The following is an excerpt from the book Amusing Ourselves To Death by Neil Postman, where the author compares and contrasts two famous books depicting a dystopian society: Nineteen Eighty-Four by George Orwell and Brave New World by Aldous Huxley.
What Orwell feared were those who would ban books.
What Huxley feared was that there would be no reason to ban a book, for there would be no one who would want to read one.
Orwell feared those who would deprive us of information.
Huxley feared those who would give us so much that we would be reduced to passivity and egotism
Orwell feared the truth would be concealed from us.
Huxley feared the truth would be drowned in a sea of irrelevance.

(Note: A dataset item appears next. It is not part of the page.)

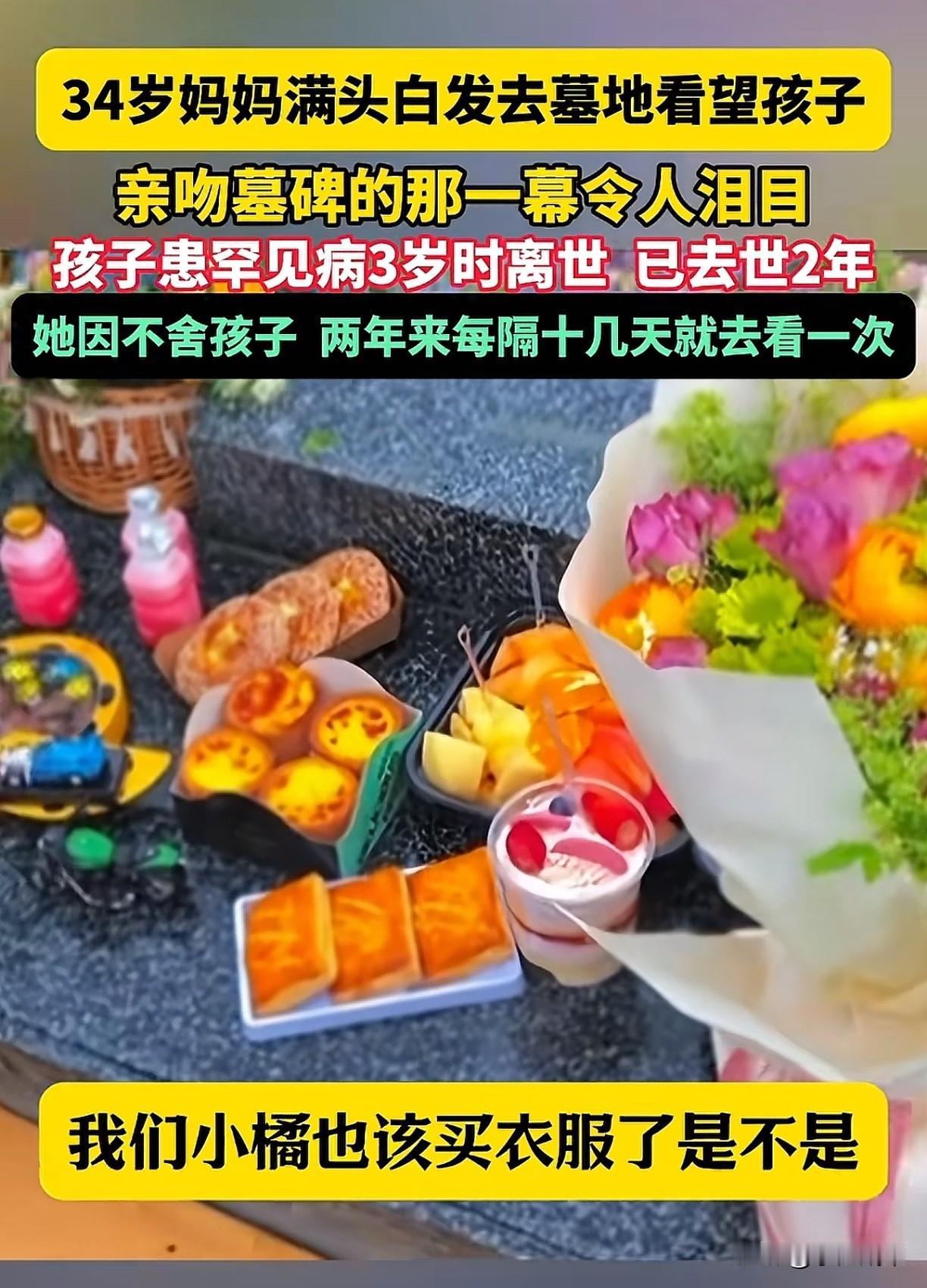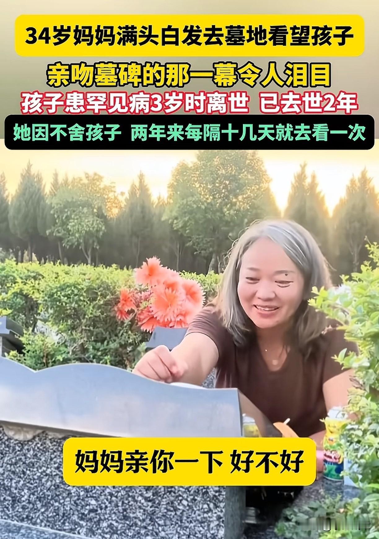 “一夜白头” 近日,河南洛阳一位34岁的妈妈因为孩子去世一夜白头。两年前,她3岁的儿子突然被检查出来患有罕见的病症,尽管经过多方努力,却还是没能挽救他的生命。 作为孩子的母亲,在这一刻似乎心都碎了。 有知情者透露,这两年来,孩子的妈妈每隔十几天就会去墓地去看看孩子,这段时间以来,她一定过得非常的苦吧,因为一个人年纪轻轻的突然间头发全白了,受到的打击可想而知,那是她的心头肉。 这位妈妈虽然头发全白了,不过可以看到她面容姣好,长的非常好看,每次到墓地她都会母鸡挤出灿烂的微笑和孩子说说话,或者自言自语,并且摆上了各种各样的好吃的东西。 天气冷了,她甚至还要带一些宝宝穿的衣服和被子,这一幕看的是让人泪目呀,可怜天下父母亲,一般人还真就无法理解这种心情,可能只有真正当了父母之后,才能体会到这种刻骨铭心。

Orwell feared we would become a captive culture.
Huxley feared we would become a trivial culture, preoccupied with some equivalent of the Feelies, the orgy porgy and the Centrifugal Bumble-puppy.
As Huxley remarked in Brave New World Revisited, the civil libertarians and rationalists who are ever on the alert to oppose tyranny “failed to take into account man’s almost infinite appetite for distractions”.
In Nineteen Eighty-Four, people are controlled by inflicting pain.
In Brave New World, people are controlled by inflicting pleasure.
In short, Orwell feared that what we hate will ruin us.
Huxley feared that what we love will ruin us.